Mais freguesias ou dar um passo em frente e dois atrás
Vivemos entre fazer as reformas porque nos obrigam, para conseguirmos empréstimos ou apoios da União Europeia, e desfazer reformas frequentemente para conquistar votos quando se está em minoria no Governo ou quando se aproxima um acto eleitoral. O caso do “agrega, desagrega freguesias” é um exemplo desse “vai vem” que nos persegue, como se fosse um fado dar um passo à frente para, depois, dar dois atrás. O problema não está na decisão de regulamentar uma lei, conhecida como Lei Relvas. Está na falta de rigor com que se faz, esquecendo-se o serviço aos cidadãos.
Em 2021 – também em ano de autárquicas – mas já sem ir a tempo de se concretizar – , o Governo de António Costa faz aprovar um diploma que “define o regime jurídico de criação, modificação e extinção de freguesias e revoga a Lei n.º 11-A/2013, de 28 de janeiro, que procede à reorganização administrativa do território das freguesias”. É aqui que estão os critérios que estão na base do que vai ser decidido esta semana no Parlamento, aumentando o número de freguesias do País.
A agregação das freguesias pode ter sido feita à “marretada” como disse o Presidente da República, na altura comentador, sobre o diploma que ficou conhecido como “Lei Relvas”, uma vez que foi liderada pelo então ministro Adjunto e dos Assuntos Parlamentares do governo de Pedro Passos Coelho, Miguel Relvas. Mas a legislação de 2021 acaba por ser demasiado permissiva, abrindo, por exemplo, a possibilidade de se criar uma freguesia com pelo menos 750 eleitores ou apenas 250 no interior do País.

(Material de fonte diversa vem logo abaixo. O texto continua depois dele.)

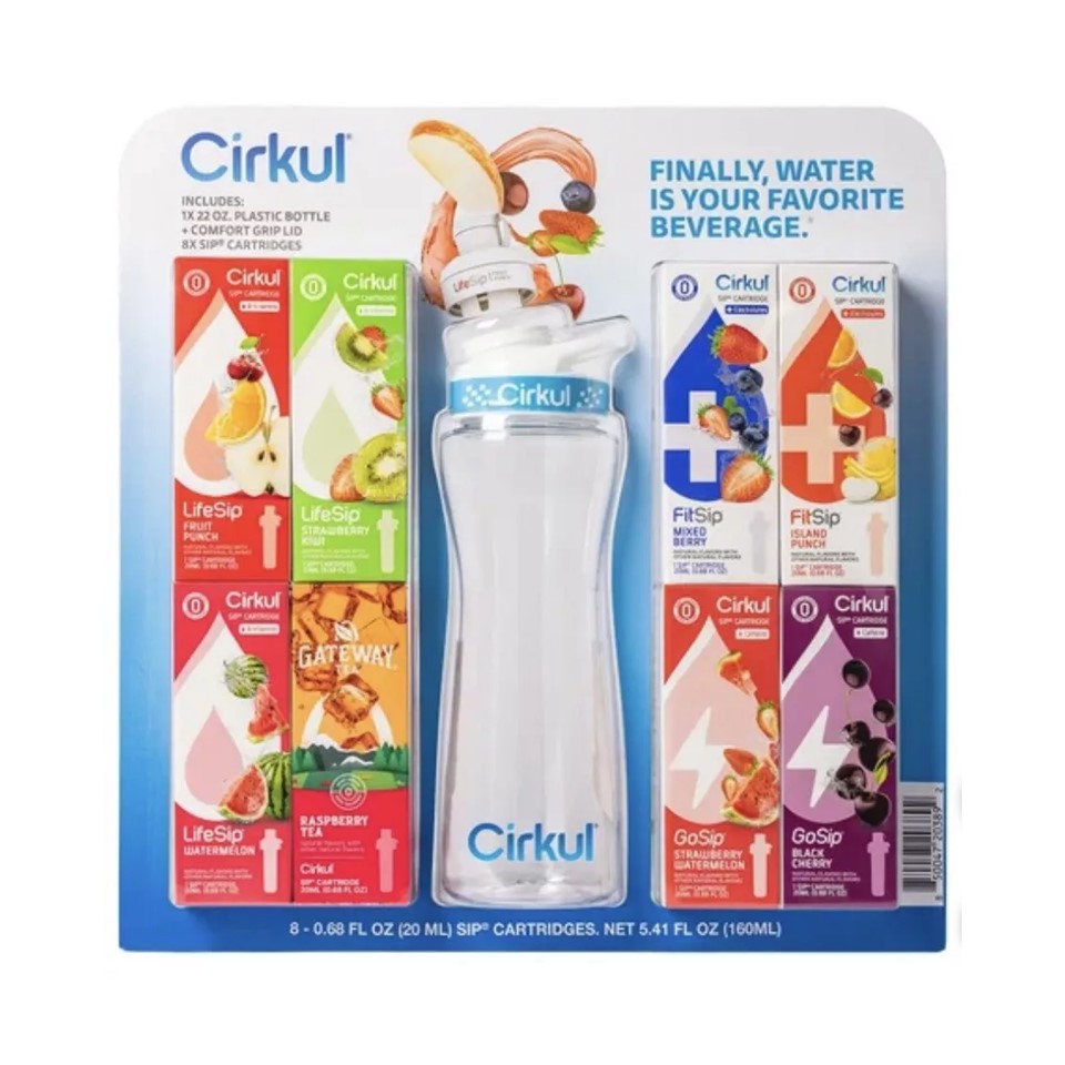 Cirkul Plastic Bottle Starter Kit with Eight Flavor Cartridges, 22oz.

No quadro dos serviços à comunidade definem-se cinco critérios devendo ser cumpridos quatro (três no interior): equipamento desportivo; equipamento cultural; parque ou jardim público; serviço associativo de proteção social a seniores ou a pessoas com deficiência; uma coletividade que desenvolva atividades recreativas, culturais, desportivas ou sociais. O que vemos aqui é o pode central a incentivar a proliferação de equipamentos culturais e desportivos em vez de promover os ganhos de escala para que tenham qualidade e massa critica. Claro que já não vamos a tempo de impedir o que já se fez, mas os governos podiam e deviam tentar corrigir esses incentivos perversos, de aproveitar o dinheiro de Bruxelas, que nos inundaram de equipamentos fechados boa parte do tempo ou mal equipados por falta de dinheiro para a sua operação.
Depois olhamos para os critérios de eficácia e eficiência da gestão pública e o que se pede é um relatório que “deve ter em conta a viabilidade económico-financeira das freguesias, a demonstrar em relatório financeiro”.

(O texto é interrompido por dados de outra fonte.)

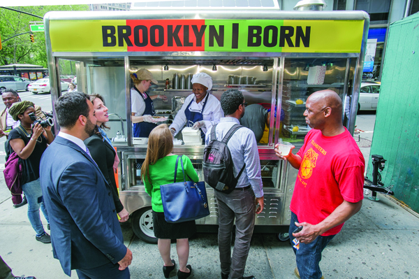 In May 2015, patrons gather around a new food cart, one of a fleet of solar-powered carts that Move Systems is rolling out in New York City. (Photo courtesy of Move Systems)
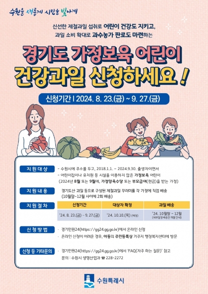 [금요저널] 수원시가 8월 23일부터 9월 27일까지 ‘2024년 경기도 가정보육 어린이 건강과일 지원사업’ 으로 과일 꾸러미를 받을 가정보육 어린이를 모집한다.

Enfim, foi este diploma que deu origem ao aumento do número de freguesias que vai agora ser aprovado numa propostas conjunta de PSD, PS, PCP, BE, Livre e PAN e que irá permitir que 132 freguesias se transformem em 296. São aliás caricatos os exemplos do que tem de ser resolvido. Por exemplo, uma união de freguesias que venha a ser desagregada e tenha apenas um autocarro, apenas uma ficará com ele, pagando depois à outra que, obviamente terá de comprar outro.
A deficiente análise do impacto social, económico e financeiro desta desagregação mostra bem como é que acabamos a reverter reformas – que até podem ter sido mal feitas – sem qualquer preocupação de fazer melhor. A prestação de serviços aos cidadãos requer a conciliação entre a proximidade e a necessidade de escala em alguns serviços, para que eles sejam devidamente prestados. Não vemos esse cuidado nesta avaliação.
Claro que uma das consequências desta desagregação é o aumento do número de cargos político-partidários – haverá mais equipas para as novas juntas e assembleias de freguesia. Não parece ter existido no diploma de 2021 a preocupação de impedirem que o incentivo prevalecente fosse o da busca de mais lugares para os militantes dos partidos. E a decisão agora tomada tinha todos os ingredientes para ser permissiva, já que é tomada numa altura em que estamos a poucos meses das eleições autárquicas – que vão decorrer em Setembro ou Outubro. E, claro, nenhum partido com ambições autárquicas quer ser demasiado exigente quando os seus correligionários locais querem mais freguesias.
Em 2013, o número de freguesias foi reduzido de 4.260 para as atuais 3.092, desapareceram 1168 freguesias. Agora vamos somar mais 296. Temos de estar satisfeitos por não se ter regressado totalmente ao passado. Mas estas decisões precisam de ser mais racionais e menos ditadas pelo oportunismo partidário, ou andaremos sempre a fazer mudanças a correr, por mando dos outros, seja por falta de dinheiro ou para agradar aos aparelhos dos partidos.